Below are records; the lines starting at the one with "Resort na ostrově" and ending at the one with "Características: Arbusto perennifolio" must be reproduced exactly, both included. Pictures must not appear.

Extracted entries>
#####
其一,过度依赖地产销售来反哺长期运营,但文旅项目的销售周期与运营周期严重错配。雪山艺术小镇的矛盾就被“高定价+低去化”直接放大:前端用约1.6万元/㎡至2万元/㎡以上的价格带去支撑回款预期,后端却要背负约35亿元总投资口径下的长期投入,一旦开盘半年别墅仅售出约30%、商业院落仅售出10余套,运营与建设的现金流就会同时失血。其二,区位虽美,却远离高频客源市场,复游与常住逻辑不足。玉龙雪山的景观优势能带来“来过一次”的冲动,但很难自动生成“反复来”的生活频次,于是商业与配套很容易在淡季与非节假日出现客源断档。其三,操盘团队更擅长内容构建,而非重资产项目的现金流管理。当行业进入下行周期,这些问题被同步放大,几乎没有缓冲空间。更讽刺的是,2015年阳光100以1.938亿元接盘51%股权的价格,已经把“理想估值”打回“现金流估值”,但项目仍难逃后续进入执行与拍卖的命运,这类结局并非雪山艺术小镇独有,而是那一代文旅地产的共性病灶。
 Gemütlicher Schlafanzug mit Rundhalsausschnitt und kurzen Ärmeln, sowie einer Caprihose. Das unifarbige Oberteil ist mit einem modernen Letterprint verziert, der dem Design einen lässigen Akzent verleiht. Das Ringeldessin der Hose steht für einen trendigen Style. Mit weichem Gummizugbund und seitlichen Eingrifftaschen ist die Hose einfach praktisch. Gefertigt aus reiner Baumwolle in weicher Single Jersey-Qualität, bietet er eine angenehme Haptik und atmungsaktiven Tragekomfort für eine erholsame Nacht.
#####
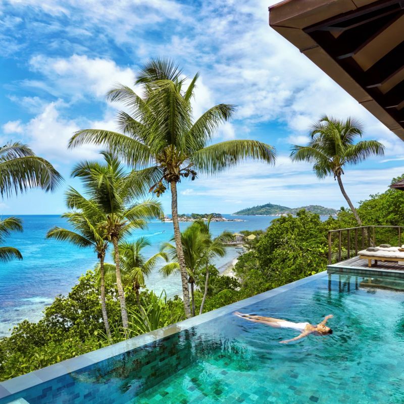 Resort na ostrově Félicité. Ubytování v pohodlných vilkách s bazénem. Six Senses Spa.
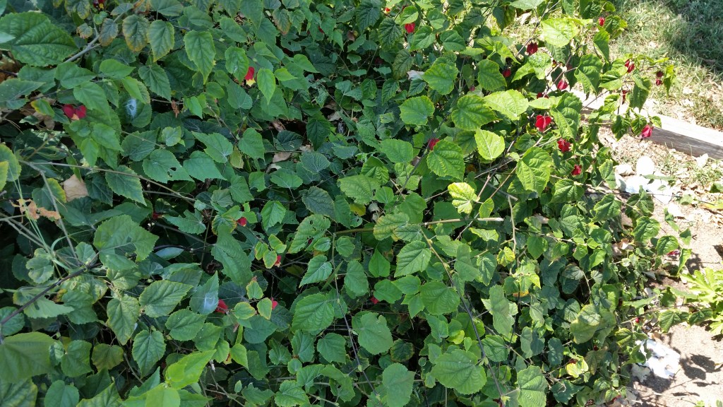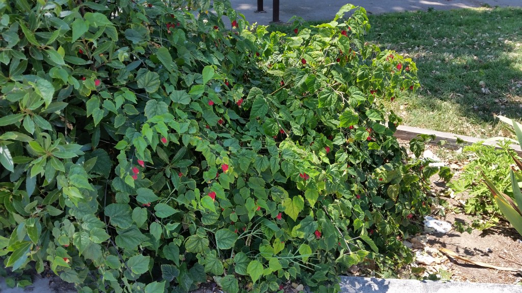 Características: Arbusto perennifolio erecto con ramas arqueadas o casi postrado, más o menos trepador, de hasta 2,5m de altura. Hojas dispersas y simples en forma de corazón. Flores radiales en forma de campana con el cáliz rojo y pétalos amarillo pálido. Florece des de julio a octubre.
#####
Written answer>
 Resort na ostrově Félicité. Ubytování v pohodlných vilkách s bazénem. Six Senses Spa.
 Características: Arbusto perennifolio erecto con ramas arqueadas o casi postrado, más o menos trepador, de hasta 2,5m de altura. Hojas dispersas y simples en forma de corazón. Flores radiales en forma de campana con el cáliz rojo y pétalos amarillo pálido. Florece des de julio a octubre.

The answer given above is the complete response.